### WORK ITEM:
Show each line from the listing that includes the word "строительства".

BEGIN EXERCISE MATERIAL

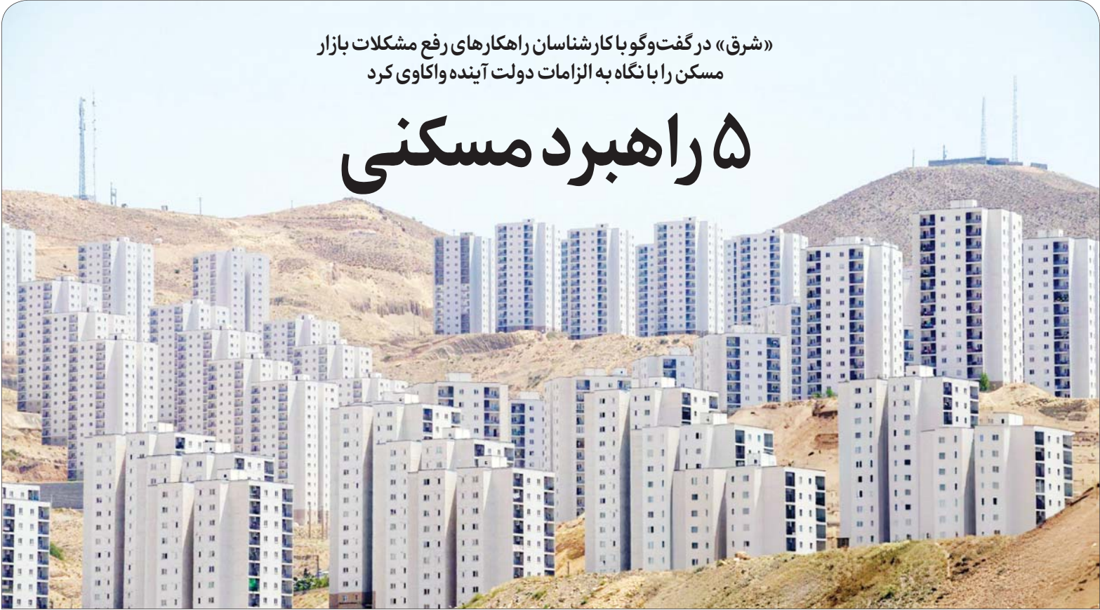
این گزارش را در صفحهٔ ۴ خوانید.
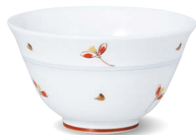
363-501-903 780円 あかね草 反千茶 (9.7×5.6・200cc)
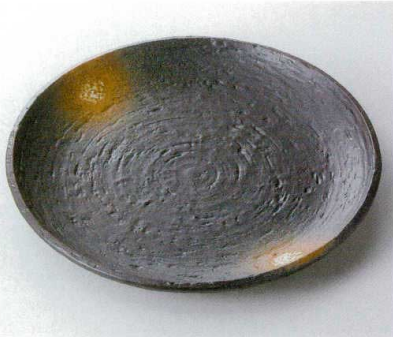
01401-476 2,500円 264701401 備前丸9.0皿(280×30mm)
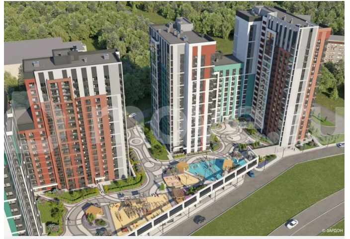
Многоквартирный жилой комплекс (Дом №1, Дом №2) на улице Камбарская, город Ижевск 2 этап строительства. Жилой дом №2

Примечание: 1. В проекте строительства включены изменения и разделение пространств общей территории комплекса. 2. На плане указаны возможные места установки сантехнических приборов, санитарно-технического оборудования. 3. Высота помещений квартир 2.34 м. 4. Чертёж в масштабе 1:75.
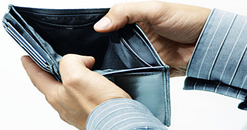
Po novem lahko dolžniku v postopku izvršbe poberejo s transakcijskega računa sredstva do višine 70 odstotkov minimalne plače.
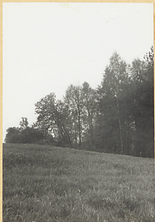
widok od płn.-zach.
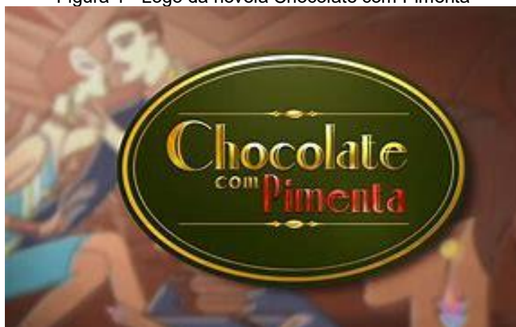
Figura 1 - Logo da novela Chocolate com Pimenta

O enredo da novela "Chocolate com Pimenta" e informações adicionais, com foco na personagem Roseli, foram obtidos por meio de observação direta dos episódios e consultas ao site Memorial Globo. A novela, uma produção da Rede Globo exibida entre 2003 e 2004, foi escrita por Walcyr Carrasco e ambientada na década de 1920, na fictícia cidade de Ventura, conhecida por sua tradicional fábrica de chocolates. Embora não seja especificado em qual estado brasileiro Ventura se localiza, a ambientação evoca uma próspera cidade do interior, sustentada em grande parte pela Fábrica de Chocolates Bombom, que tem um papel central na economia e na vida social da região. Na figura 1, apresenta-se a logo da novela.
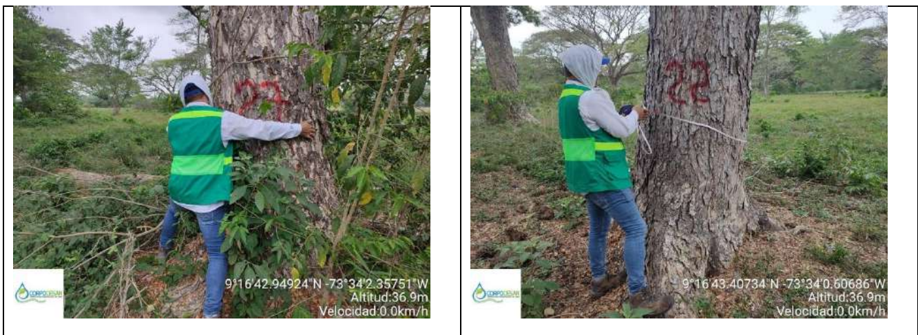
Fotografía 3 y 4 árboles de la especie Campano ( Samanea Samán ), ubicado en la Finca Parcela 18 ubicado en la vereda Nueva Granada en jurisdicción del Municipio de Curumani – Cesar.
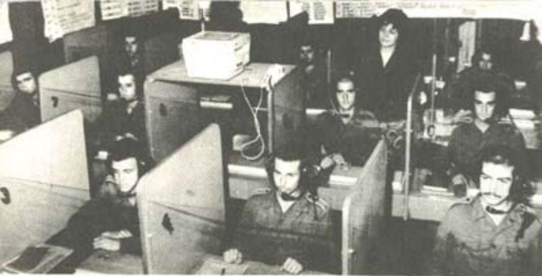
ЗАНЯТИЕ ПО РУСКИ ЕЗИК.
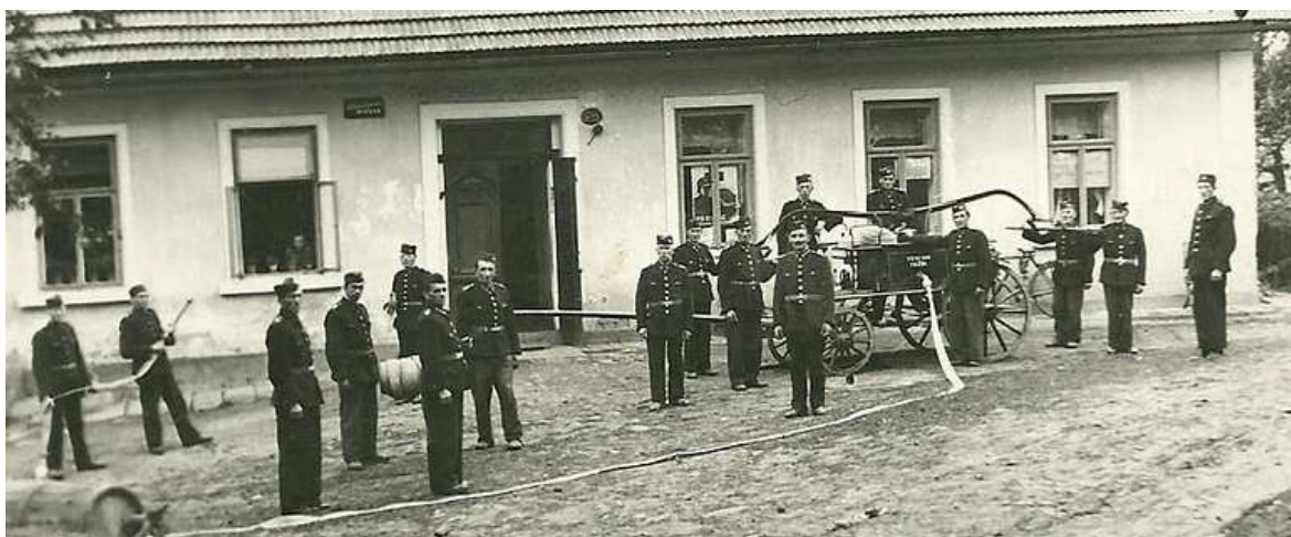
členové SDH Tužín při námětovém cvičení v r. 1943, před hospodou „Na Výšince“, se stříkačkou z r. 1926
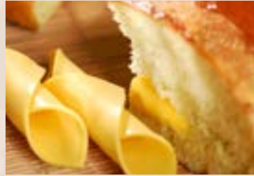
24/ 德島海苔哈斯 NT$130 (奶蛋素)
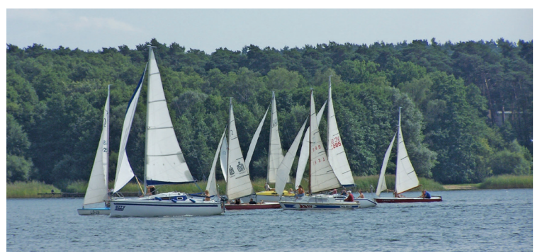
Regaty Jęglarskie na Jeziorze Dominickim

Przemęcki Park Krajobrazowy to wspaniałe miejsce dla turystów zainteresowanych aktywnym spędzaniem czasu. Gęsta sieć dobrze ze sobą połączonych szlaków turystycznych pozwala na bezpieczne przemierzenie parku zarówno pieszo, jak i rowerem, kajakami czy na konskim grzbiecie. Zdecydowanie największy ruch turystyczny przypada na okres letni, koncentruje się nad jeziorami i wokół trzech największych miejscowości wypoczynkowych: Boszkowa Lehńska, Wieleńia Zaobrzańskich oraz Brenna. Parkowe jeziora oferują świetne warunki do uprawiania żeglarsstwa, w tej kwestii zdecydowany prym wiodzie Jezioro Dominickie. Dodatkowo większość zbiorników wodnych jest ze sobą połączona, tworząc niezwykle malowniczy Kajakowy Szlak Konwaliowy, pozwalający przepłynąć niemal wszystkie jeziora parku w ciągu niecałych dwóch dni. Dla turystów stroniących od wody ciekawą ofertą będą wycieczki piesze, rowerowe lub konne. Podczas nich można zapoznać się z ciekawą przyrodą i historią parku i odwiedzić jedną z trzech zachwycających panoram wiew widokowych (w Dominicach, Olejnicy lub Siekowie) aby podziwiać park z nieco innej perspektywy.
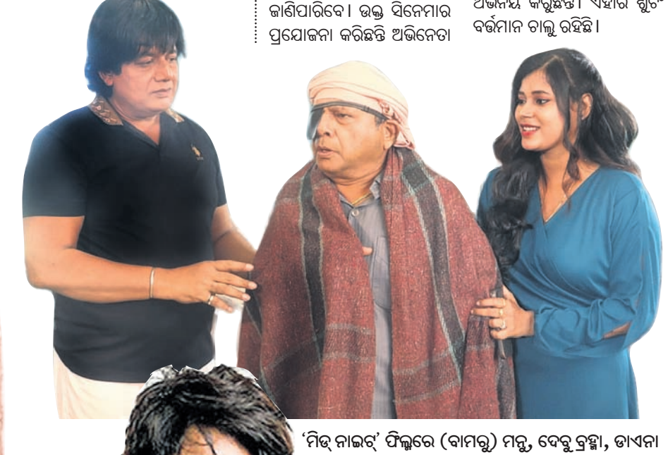
'ନିଶୁ ନାଲନ୍' ଫିଲ୍ମରେ (ବାମକୁ) ମନ୍ତ୍ର, ଦେବୁ ବ୍ରହ୍ମା, ତାଏନା

END EXERCISE MATERIAL

### SOLUTION FOR THIS EXERCISE:
Многоквартирный жилой комплекс (Дом №1, Дом №2) на улице Камбарская, город Ижевск 2 этап строительства. Жилой дом №2
Примечание: 1. В проекте строительства включены изменения и разделение пространств общей территории комплекса. 2. На плане указаны возможные места установки сантехнических приборов, санитарно-технического оборудования. 3. Высота помещений квартир 2.34 м. 4. Чертёж в масштабе 1:75.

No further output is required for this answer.